> Working data
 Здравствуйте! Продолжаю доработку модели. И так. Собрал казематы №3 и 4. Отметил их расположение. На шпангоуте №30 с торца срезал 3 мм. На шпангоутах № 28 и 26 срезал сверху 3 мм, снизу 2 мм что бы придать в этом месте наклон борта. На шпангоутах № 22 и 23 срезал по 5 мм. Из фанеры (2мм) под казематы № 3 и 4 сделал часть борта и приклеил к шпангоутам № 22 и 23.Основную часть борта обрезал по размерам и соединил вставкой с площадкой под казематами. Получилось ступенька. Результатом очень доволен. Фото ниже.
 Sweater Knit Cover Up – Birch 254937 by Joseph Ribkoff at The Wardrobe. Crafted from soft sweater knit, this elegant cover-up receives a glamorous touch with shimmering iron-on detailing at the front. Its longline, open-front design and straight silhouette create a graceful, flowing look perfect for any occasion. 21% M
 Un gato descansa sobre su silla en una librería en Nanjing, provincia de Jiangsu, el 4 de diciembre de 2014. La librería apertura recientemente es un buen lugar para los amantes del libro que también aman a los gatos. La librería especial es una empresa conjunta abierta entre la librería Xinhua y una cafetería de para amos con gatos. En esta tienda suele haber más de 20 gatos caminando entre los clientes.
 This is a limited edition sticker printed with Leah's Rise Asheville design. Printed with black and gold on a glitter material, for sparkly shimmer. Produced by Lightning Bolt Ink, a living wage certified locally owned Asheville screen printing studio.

* * *

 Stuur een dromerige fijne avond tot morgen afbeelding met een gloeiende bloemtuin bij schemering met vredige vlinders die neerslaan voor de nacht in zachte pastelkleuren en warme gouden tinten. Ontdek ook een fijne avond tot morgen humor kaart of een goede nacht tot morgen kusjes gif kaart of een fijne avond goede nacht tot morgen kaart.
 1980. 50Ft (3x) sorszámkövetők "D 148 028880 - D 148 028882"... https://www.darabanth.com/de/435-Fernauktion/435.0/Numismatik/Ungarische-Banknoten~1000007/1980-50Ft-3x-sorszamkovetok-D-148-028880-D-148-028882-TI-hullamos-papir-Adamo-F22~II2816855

---

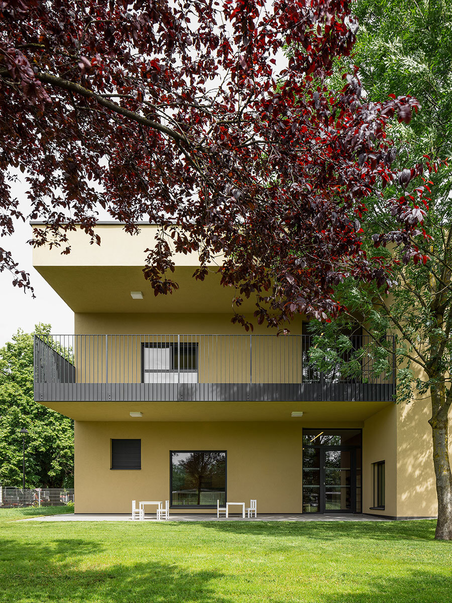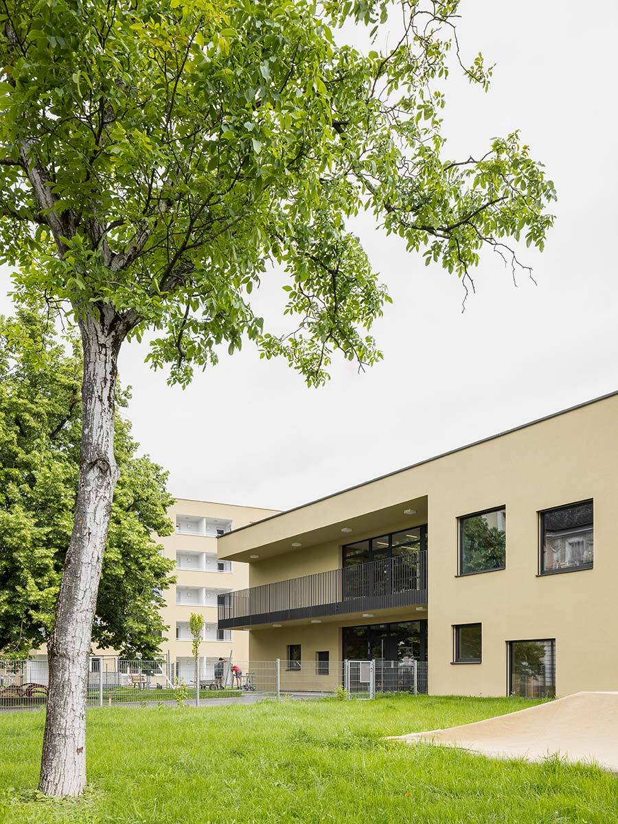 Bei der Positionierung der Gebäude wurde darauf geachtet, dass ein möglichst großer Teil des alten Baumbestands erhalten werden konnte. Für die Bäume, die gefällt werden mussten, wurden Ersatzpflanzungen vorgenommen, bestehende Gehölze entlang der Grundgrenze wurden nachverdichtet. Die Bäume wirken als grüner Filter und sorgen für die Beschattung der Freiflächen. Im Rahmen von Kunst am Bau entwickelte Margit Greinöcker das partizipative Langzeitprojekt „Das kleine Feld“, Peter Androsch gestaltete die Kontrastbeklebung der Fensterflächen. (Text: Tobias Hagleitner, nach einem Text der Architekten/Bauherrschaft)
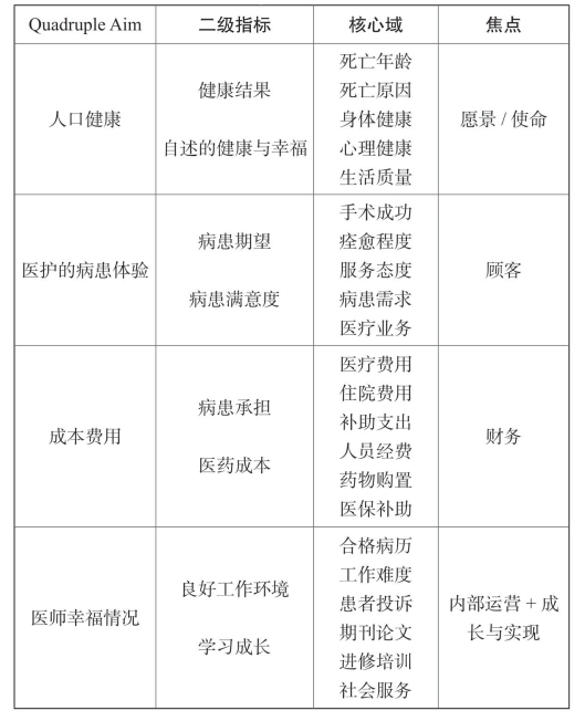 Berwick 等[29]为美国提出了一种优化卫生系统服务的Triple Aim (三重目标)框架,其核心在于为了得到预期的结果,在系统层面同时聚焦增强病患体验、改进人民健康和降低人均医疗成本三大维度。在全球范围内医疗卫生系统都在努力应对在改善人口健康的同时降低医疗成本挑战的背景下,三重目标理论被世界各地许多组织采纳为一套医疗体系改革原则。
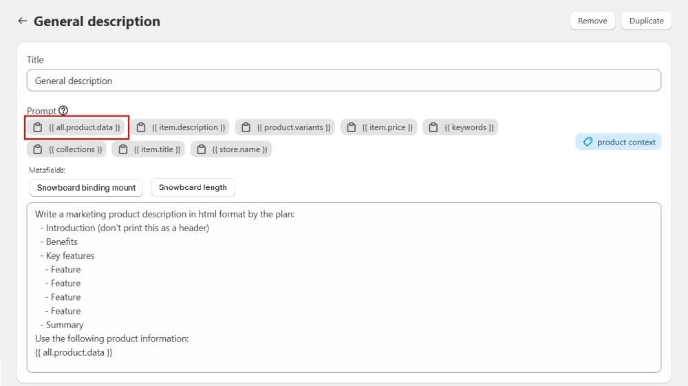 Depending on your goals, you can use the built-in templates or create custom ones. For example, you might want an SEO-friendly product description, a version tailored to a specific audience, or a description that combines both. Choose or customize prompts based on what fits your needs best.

> Assignment
Output the lines above exactly, but only those between the line holding "Stuur een dromerige" and the line holding "1980. 50Ft (3x)", inclusive.

> Output below
 Stuur een dromerige fijne avond tot morgen afbeelding met een gloeiende bloemtuin bij schemering met vredige vlinders die neerslaan voor de nacht in zachte pastelkleuren en warme gouden tinten. Ontdek ook een fijne avond tot morgen humor kaart of een goede nacht tot morgen kusjes gif kaart of een fijne avond goede nacht tot morgen kaart.
 1980. 50Ft (3x) sorszámkövetők "D 148 028880 - D 148 028882"... https://www.darabanth.com/de/435-Fernauktion/435.0/Numismatik/Ungarische-Banknoten~1000007/1980-50Ft-3x-sorszamkovetok-D-148-028880-D-148-028882-TI-hullamos-papir-Adamo-F22~II2816855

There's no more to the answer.